**Task directions**
From top to bottom, print the listing word for word and skip any pictures it contains.

[[ Data, beginning ]]

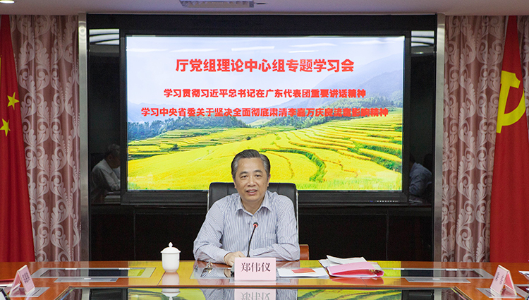 厅党组书记、厅长郑伟仪同志对进一步抓好习近平总书记重要讲话精神的学习贯彻和全面彻底肃清李嘉万庆良流毒影响提出了要求。一要把学习贯彻习近平总书记重要讲话精神持续引向深入,确保学深悟透做实,确实用讲话精神武装头脑、指导实践、推动工作。二要把厅党组坚决全面彻底肃清李嘉万庆良流毒影响专题民主生活会组织好,确保民主生活会按时高质量召开。三要围绕落实“四个走在全国前列”重要要求和实施乡村振兴战略总抓手,进一步解放思想、改革创新,坚持问题导向和目标导向,继续深化专题调研,科学制定行动方案,狠抓工作落实,加快构建推动农业农村经济高质量发展的体制机制和建设现代化农业农村经济体系。
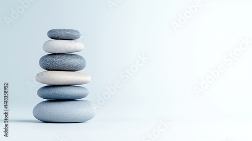A stack of smooth pebbles balanced in a minimalist composition, light blue background, serene and tranquil setting, and concept of balance and harmony.
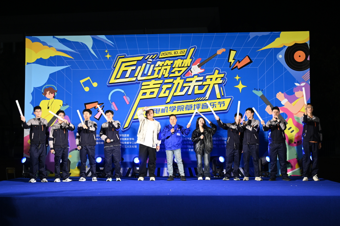 金秋送爽,乐动江川。10月22日晚,上海电机学院“匠心筑梦,声动未来”草坪音乐节在闵行校区足球场成功举办。本次活动由校团委主办、高职学院承办,不仅是一场青春洋溢的艺术展演,更是一次深化“职普融通、文化育人”、推动校政企协同发展的生动实践。上海电机学院党委副书记朱洪春,相关职能部门负责人,闵行校区各二级学院副书记,闵行区江川文化馆负责人,上海汽轮机厂上海工匠王勇,上海微创软件股份有限公司代表,上海电机学院附属科技学校、上海市环境学校、上海海事大学附属职业技术学校以及上海工程管理学校等四所中职院校师生代表共同参与,齐聚电机校园,共谱融合新篇。

[[ Data, end ]]

**Response area**
 厅党组书记、厅长郑伟仪同志对进一步抓好习近平总书记重要讲话精神的学习贯彻和全面彻底肃清李嘉万庆良流毒影响提出了要求。一要把学习贯彻习近平总书记重要讲话精神持续引向深入,确保学深悟透做实,确实用讲话精神武装头脑、指导实践、推动工作。二要把厅党组坚决全面彻底肃清李嘉万庆良流毒影响专题民主生活会组织好,确保民主生活会按时高质量召开。三要围绕落实“四个走在全国前列”重要要求和实施乡村振兴战略总抓手,进一步解放思想、改革创新,坚持问题导向和目标导向,继续深化专题调研,科学制定行动方案,狠抓工作落实,加快构建推动农业农村经济高质量发展的体制机制和建设现代化农业农村经济体系。
A stack of smooth pebbles balanced in a minimalist composition, light blue background, serene and tranquil setting, and concept of balance and harmony.
 金秋送爽,乐动江川。10月22日晚,上海电机学院“匠心筑梦,声动未来”草坪音乐节在闵行校区足球场成功举办。本次活动由校团委主办、高职学院承办,不仅是一场青春洋溢的艺术展演,更是一次深化“职普融通、文化育人”、推动校政企协同发展的生动实践。上海电机学院党委副书记朱洪春,相关职能部门负责人,闵行校区各二级学院副书记,闵行区江川文化馆负责人,上海汽轮机厂上海工匠王勇,上海微创软件股份有限公司代表,上海电机学院附属科技学校、上海市环境学校、上海海事大学附属职业技术学校以及上海工程管理学校等四所中职院校师生代表共同参与,齐聚电机校园,共谱融合新篇。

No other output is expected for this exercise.